This article is meant for readers who, like me, have studied Linear Algebra and who, like me, are curious about Quantum Mechanics.

Are the columns of matrices in a given, natural order, as we write them? Well, if we are using the matrix as a rotation matrix in CGI – i.e. its elements are derived from the trig functions of Euler Angles – then the column order depends, on the order in which we have labeled coordinates to be X, Y and Z. We are not free to change this order in the middle of our calculations, but if we decide that X, Y and Z are supposed to form a different set, then we need to use different matrices as well.

OTOH, We also know that a matrix can be an expression of a system of simultaneous equations, which can be solved manually through Gauss-Jordan Elimination on the matrix. If we have found that our system has infinitely many solutions, then we are inclined to say that certain variables are the “Leading Variables” while the others are the “Free Variables”. It is being taught today, that the Free Variables can also be made our parameters, so that the set of values for the Leading Variables follows from those parameters. But wait. Should it not be arbitrary for certain combinations of variables, which follows from which?

The answer is, that if we simply use Gauss-Jordan Elimination, and if two variables are connected as having possibly infinite combinations of values, then it will always be the variables stated *earlier in the equations* which become the Leading, and the ones stated *later in the equations* will become the Free Variables. We could restate the entire equations with the variables in some other order, and then surely enough, the variable that used to be a Free one will have become a new Leading one, and vice-versa. (And if we do so, the parametric equations for the *other* Leading variables will generally also change.)

The order of the columns, has become the order of discovery.

This could also have ramifications for Quantum Mechanics, where matrices are sometimes used. QM used matrices at first, in an effort to be empirical, and to acknowledge that we as Humans, can only observe a subset of the properties which particles may have. And then what happens in QM, is that some of the matrices used are computed to have Eigenvalues, and if those turn out to be real numbers, they are also thought to correspond to observable properties of particles, while complex Eigenvalues are stated – modestly enough – not to correspond to observable properties of the particle.
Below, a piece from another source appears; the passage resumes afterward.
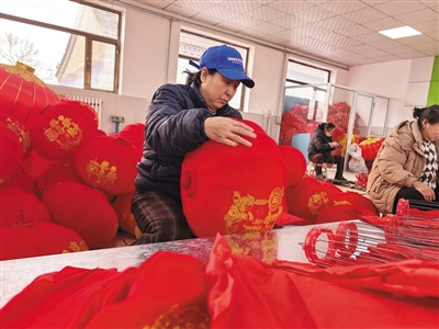 “我在这儿已经干了六七年了,每天能收入120多元,今年一腊月少说也能收入个四五千元。在家门口就能挣钱,既能照顾家里,每月还有稳定收入,日子越过越有奔头啦。”吕永红一边熟练地为灯笼套绸布,一边笑着说道,话语里满是幸福感。如今,村里和吕永红一样的农村妇女有40多个。

Even though this system seems straightforward, it is not foolproof. A Magnetic North Pole corresponds according to Classical Principles, to an angle from which an assumed current is always flowing arbitrarily, clockwise or counter-clockwise. It should follow then, that from a different perspective, a current which was flowing clockwise before, should always be flowing counter-clockwise. And yet according to QM, monopoles *should* exist.

The reason this can happen according to QM, is the fact that in QM, nobody is shy to apply imaginary numbers, and imaginary numbers can be applied in such a way, that regardless of which angle we view a monopole from, its electrical current will always be flowing clockwise, say.

But, since the same QM architects must be applying the principle, that complex – i.e. imaginary – Eigenvalues do not form observable properties, it must follow that according to their matrices, this electrical current imagined in Classical E&M, does not correspond to a fundamental property. If it did, the fact that this could become complex, would also lead to a non-observable property…

Well you see, here is where I see a problem. The order in which QM has columns in their matrices today, is actually likely to have a strong chronological ordering. The first columns are likely to correspond, to properties that have been discovered maybe 400 years ago, and that have been thought fundamental ever since. The last columns are likely to correspond to properties that were discovered very recently.

And so it would seem that there is some property which our ancestors considered fundamental 400 years ago, which still form part of the matrices which get used in QM today. Just because these are fundamental in a macroscopic examination of our Universe, in my opinion, does not prove, that they are also intrinsic to fundamental particles.

What happens with *matrices* however, is that their base-vectors form a type of coordinate system, which can be altered, so that a different coordinate system will require a different matrix, to state the same thing, effectively, that the earlier matrix stated. This tends to be correct as long as the number of coordinates is correct, and as long as the matrix which transforms from one system to the next does not have a determinant of zero. As long as the determinant is not zero, we can translate from one system of variables to the other, and by definition back again, because such matrices also have definable inverses.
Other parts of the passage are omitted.